El colectivo de atención a los más vulnerables celebró este lunes su medio siglo de existencia: "Siempre estamos atentos a las personas a las que la vida ha puesto al borde del camino"
El padre Miguel Martell ya no está en Ceuta, donde vivió de 2012 a 2014 como superior de la Fundación Cruz Blanca. Sin embargo, pasada más de una década -cinco este lunes desde la creación de la entidad- sigue emocionándose al retornar al punto de origen del colectivo: "Está por aquí un usuario que llegó en mi época en la localidad. Alcanzó la ciudad en uno de los muchos barcos que llegan, se quedó porque tenía una enfermedad compleja y acabó viviendo en la playa antes de unirse a esta familia de la que sigue formando parte.

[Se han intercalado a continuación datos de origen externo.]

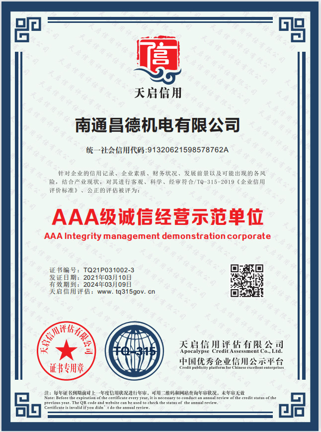 | 上一篇:AAA級質量服務誠信單位 下一篇:AAA級資信企業 |

Cuando le miro...es un sentimiento muy especial".
Las palabras del religioso -presente en el acto de conmemoración por el medio siglo de vida de la organización celebrado este lunes- resumen a la perfección la historia de Cruz Blanca. Iniciada por Isidoro Lezcano en 1963 con la apertura de la primera Casa Familiar Betania en el Monte Hacho de Ceuta, atendiendo a enfermos incurables y personas sin hogar.
Registrada oficialmente en Tánger en 1975, la Fundación acumula ya cincuenta años de bagaje. "Para nosotros, Cruz Blanca es estar siempre atentos a aquellos a los que la vida ha puesto al borde del camino. A las personas enfermas, se decía enfermos incurables, a las personas necesitadas. Poner soluciones", resumió Martell, uno de los presentes en el acto celebrado en la sede del colectivo en el Sardinero.

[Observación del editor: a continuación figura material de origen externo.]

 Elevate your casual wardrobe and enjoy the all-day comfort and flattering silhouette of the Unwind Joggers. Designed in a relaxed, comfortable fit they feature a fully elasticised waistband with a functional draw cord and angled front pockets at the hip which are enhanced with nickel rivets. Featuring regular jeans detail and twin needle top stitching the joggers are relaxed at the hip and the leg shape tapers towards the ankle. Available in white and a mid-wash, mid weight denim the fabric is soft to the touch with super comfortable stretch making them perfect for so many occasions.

Allí también acudieron la delegada del Gobierno, Cristina Pérez y la consejera Nabila Benzina, además de voluntarios y usuarios que compartieron un rato de conmemoración, que incluyó entrega de placas. Antes, habían realizado una peregrinación al santuario de Nuestra Señora de África.

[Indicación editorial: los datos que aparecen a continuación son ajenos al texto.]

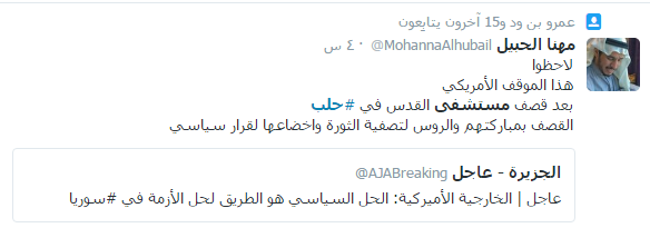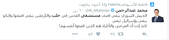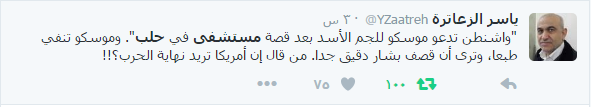 وقال الكاتب ياسر الزعاترة: “واشنطن تدعو موسكو للجم الأسد بعد قصة مستشفى حلب وموسكو تنفي طبعا وترى أن قصف بشار دقيق جدا من قال إن أمريكا تريد نهاية الحرب؟”

El padre Martell recalcó, además, durante su intervención, la relevancia de Ceuta para una organización ya extendida por el resto de España: "No podríamos entender Cruz Blanca sin el reflejo que supone Ceuta. Es volver a los orígenes, es la acción que llevamos durante tantos años en el Príncipe y que se multiplica con la atención en la Península y en Canarias con las personas migrantes", concluyó.